New Zealand Misses Own Revenue Targets
March 6, 2012 Taxation in New Zealand
WELLINGTON – Tax revenues in New Zealand are nearly NZD 1 billion below forecast, but the government still believes that the country will reach a budget surplus within 2 years.
As was shown in the latest Financial Statements of the Government of New Zealand released on March 6th, tax revenues in New Zealand for the period of seven months, ending January 31st 2012, were NZD 946 million below forecast, while being NZD 1.1 billion above tax revenues during the same period in the previous year.
According to the Treasury of New Zealand, the lower than forecast tax revenues are a result of unexpectedly weak overall economic activity in New Zealand, which led to lowered collection of all taxes.
For the seven month period, collections of Goods and Service Tax (GST) were down by 4 percent, mainly due to insurance companies in the country making significant payouts for damages incurred in earthquakes throughout the last 12 months.
Revenues from corporate income tax were more than 5.1 percent below forecast, and the Treasury expects that they will continue to remain at relatively low levels until at least the end of the financial year on March 31st.
Collection of personal income tax was 3 percent below the government’s forecasts, reflecting a weaker than expected labor market.
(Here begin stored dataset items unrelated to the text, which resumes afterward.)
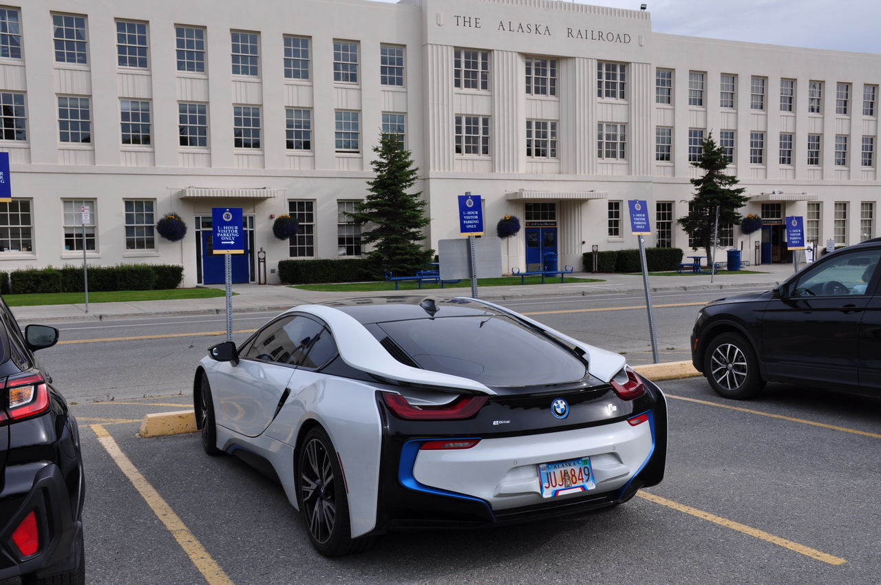 Der i8 musste dazu, stand am selben Parkplatz und dürfte eines der seltesten Autos in ganz Alaska sein. Ach ja, Alaska ist 2,3 Mal so groß wie Texas, aber superdünn besiedelt.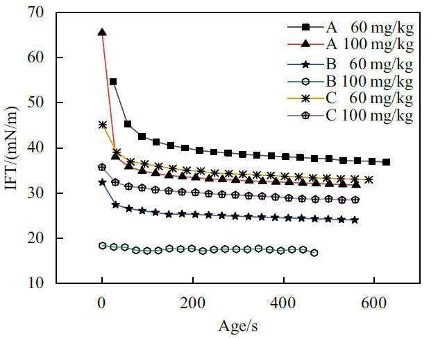 為了充分證明時間效應(yīng)對懸滴法測定結(jié)果會造成影響,實驗使用懸滴法對A,B,C三種表面活性劑復配溶液較稀含量下的動態(tài)表面張力進行了研究。結(jié)果如圖3所示。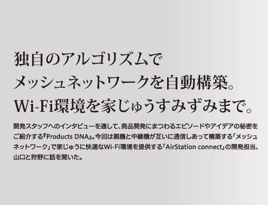 山口:現代はパソコンやスマートフォン、テレビはもちろん、ロボット掃除機やエアコンなど、さまざまな機器がネットワークにつながるIoT時代です。これらの機器は家のどこで使われるのか決まっているものばかりではありません。リビング、ダイニング、ベッドルーム…、あらゆる場所で機器が使われる可能性があります。つまり、ネットワークとつながる最先端の機器類を最大限に活用するためには、宅内の特定の場所ではなく、あらゆる場所に電波が届いていなくてはならないわけです。しかも従来に比べより高速で強い電波が求められるようになっています。例えばスマートフォンやタブレット、パソコンなどを利用した動画の視聴。現在では4K動画をはじめとした高解像度で情報量の多い動画コンテンツが次々とリリースされています。こうしたコンテンツをストレスなく楽しむためには、「ただ届いている」だけではなく高速な電波が高い強度を保って届いている必要があります。 「AirStation connect」は、そうした現代社会のニーズに応える商品群です。親機と中継機が互いに通信しあいながら「メッシュネットワーク」と呼ばれる通信網を構築することで、家じゅうのすみずみまで快適なWi-Fi環境を届けるものです。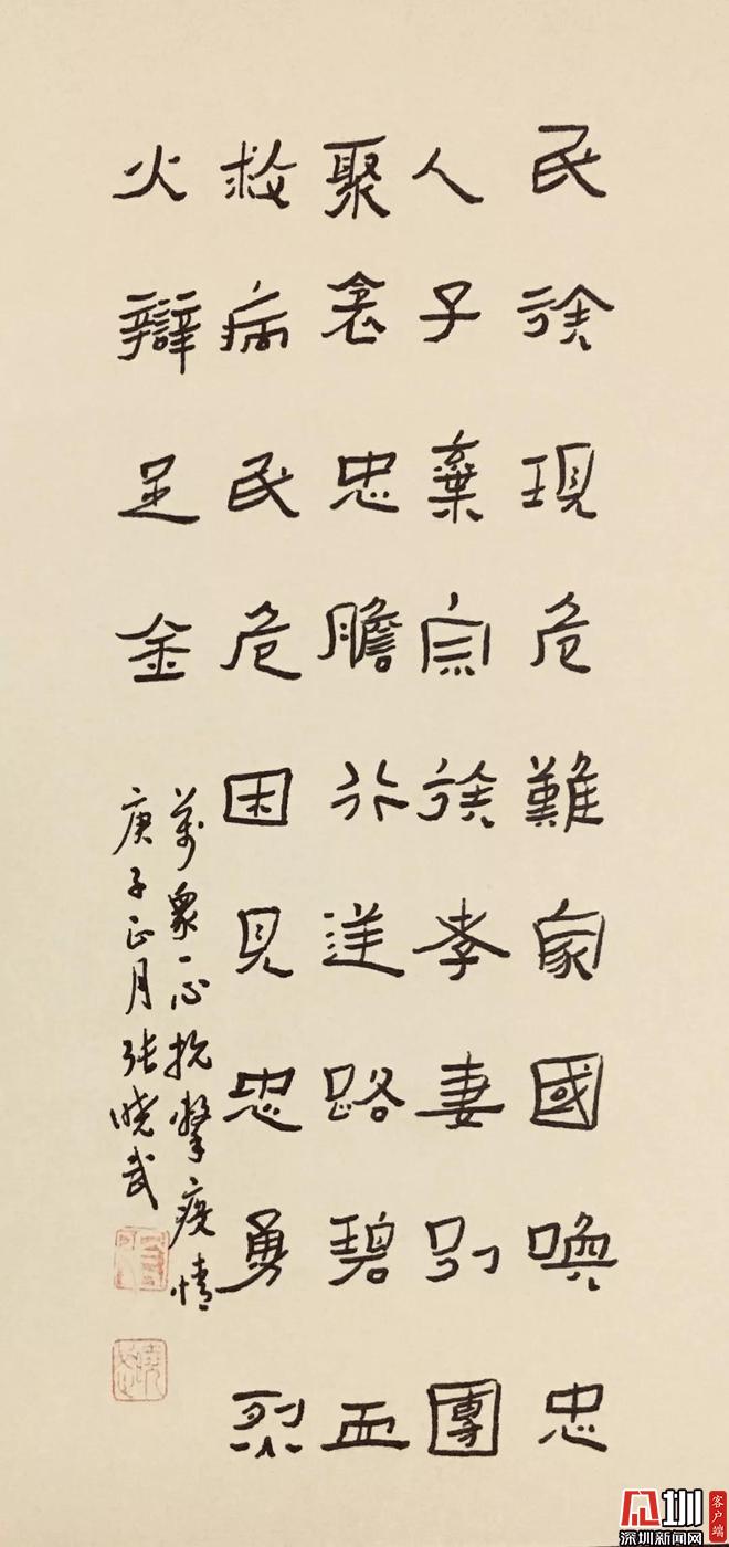 見圳客戶端.深圳新聞網(wǎng)訊(記者 鄭創(chuàng)彬)連日來,新型冠狀病毒肺炎疫情牽動(dòng)著每一個(gè)國人的心。2月11日,記者從鹽田區(qū)文聯(lián)獲悉,鹽田區(qū)書法家協(xié)會(huì)的成員們,雖不能和醫(yī)務(wù)工作者等直奔前線,卻無不心系疫情,利用自己手中的筆墨,以文藝作品鼓舞士氣,創(chuàng)作了許多凝聚力量的佳作,為打贏疫情防控阻擊戰(zhàn)加油助威。

Commenting on the results published in the Financial Statements, the Finance Minister of New Zealand Bill English said that the disappointingly low tax collections were offset by a NZD 1.24 billion decrease in government spending. He added that the tax revenue results emphasize the need for the government to maintain strict fiscal discipline in order to fulfill its own goal of reaching a budget surplus by the 2014 – 2015 fiscal year.